また、お手元の資料には、ラーメンフェスタとは別に「SA・PAメニューコンテスト」本選会のお知らせをつけさせていただきました。

予選会から「地元食材を使用して、季節の移り変わりを感じていただけるメニュー」が9つ選ばれ、1月23日(月)に東京・新宿にあります東京調理師専門学校において本選会を開催します。

記者の皆さまにおかれましては、グランプリを目指して料理長が腕を振るった料理を、ぜひご取材ください。

 

最後のトピックは、新東名開通プレイベント「ラストチャンスウォークツアーin新東名」についてです。

初夏に開通予定の新東名を開通前に歩いていただく、ウォーキングツアーを2月26日(日)に開催します。今回は、たっぷり歩ける12㎞コースと気軽に参加できる3㎞コースを準備しており、12㎞にもおよぶ大規模なウォーキングは開通前最後の企画です。

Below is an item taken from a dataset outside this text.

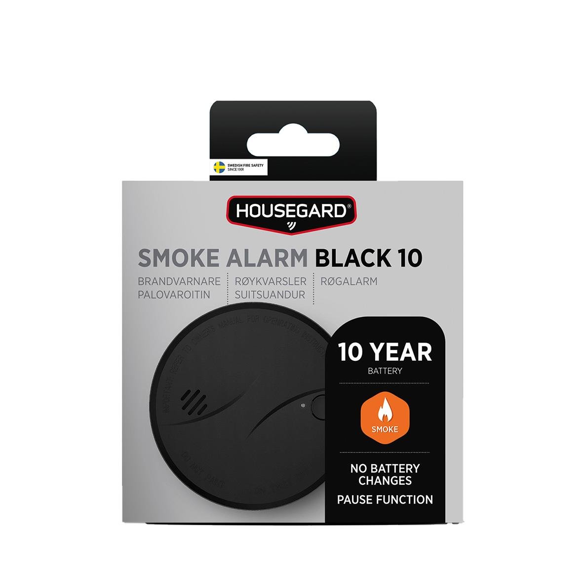 Brandvarnare Housegard Black 10 är en elegant brandvarnare med matt svart finish som förenar design och trygghet. Den är utrustad med ett inbyggt litiumbatteri med 10 års livslängd, vilket innebär att du slipper tänka på batteribyten. Perfekt för dig som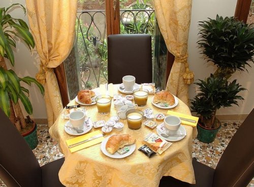 La ricca colazione viene servita nell'apposita sala, mentre in estate nell'ampio giardino.

この企画は、昨年11月に開催したウォーキングイベントが好評で、参加できなかった方もおられたことから、NEXCO中日本が同様な形態で企画したものです。

是非、皆さまの参加をお待ちしております。

以上が、本日準備いたしましたトピックスになります。

 

【司会】

それでは、これから記者の皆さまからのご質問をお受けしたいと思います。

 

【記者】

「速旅 Central Nippon Expressway Pass 2012」は、御社としてどういった意義があるのでしょうか?

 

【金子会長兼社長】

当社の役割は、高速道路の建設・運営・管理が1つの柱であることは間違いありませんが、もう少し広く考えています。地域の活性化や観光などが、日本の地域及び日本全体の経済の活性化になると考えています。また、東日本大震災を踏まえ、防災というものも当社の役割の1つと思っています。このようなことが、前回の高速道路のあり方検討有識者委員会の中でも明記されており、改めて当社の役割の重要さというのを鑑みています。このような当社の役割を果たすべく、包括協定を結んでいる県と連携を図りながら、今までになかったことも積極的に取り組んでいきたいと考えています。

 

【記者】

本州初とありますが、北海道や九州では実績があるのですか?

 

【金子会長兼社長】

北海道で実績があると聞いています。北海道以外では初めてということです。

 

【記者】

純粋に外国人がどのくらい使うのかという見込みはありますか?

 

【社員】

外国人向けのパスは初めてですので、どれだけのお客さまにご利用頂けるのか分からないところがあります。まずやってみるということ、それからこの取り組みがどのくらい使っていただけるかということを見ながら、徐々に色々なところに拡げていきたい思っております。

 

【記者】

利用期間は3ヶ月くらいになっていますが、よければ続けようという試行ですか?

 

【金子会長兼社長】

おっしゃるとおりです。岐阜県さんとも話をしながら、好評であれば続けたいと考えています。

 

【記者】

本州初というのは、外国人向けのパスを条件にしたものという定義でいいですか?

 

【金子会長兼社長】

そのとおりです。

 

【記者】

岐阜県や国から費用は出ていますか? また、今回は外国人が対象ということですが、国内向けに拡大することはありますか?

 

【社員】

岐阜県や国からの直接の費用はいただいていませんが、岐阜県とタイアップしていますので、いろいろな広報についても協力をしていただきます。今後につきましては、外国人のお客さま向けのものに限らず、様々な地域と連携をしながら、商品を提供していきたいと考えています。

 

【記者】

新東名についての質問です。先ほど正式な開通時期は、「地すべり対策の効果の確認や残りの舗装工事の進捗状況から、次回の定例会見までには」ということでしたが、静岡県の川勝知事は目途として「ゴールデンウィーク前にも」ということを定例会見で言っていました。開通時期は今のところ初夏とおっしゃっていますが、前倒しになる可能性はありますか?また、その発表時期についても、定例会見の前に前倒しになるということはありますか?

 

【金子会長兼社長】

まず発表の時期ですが、次回の定例会見の前には発表したいと思っています。現在の作業は、関係機関との調整と具体的な開通日についての調整です。調整が終わり次第、速やかに発表したいと思っています。また、川勝知事とはいろいろとお話をさせていただいていますが、開通日をお話ししたことはありません。皆さまと同じように「初夏」に、そしてできるかぎり前倒しを心がけているというお話を申し上げています。繰り返しになりますが、関係機関との調整が整いましたら、速やかに皆さまにお知らせしたいと思っています。

 

【司会】

ご質問が途切れたようですので、これで定例記者会見を終了いたします。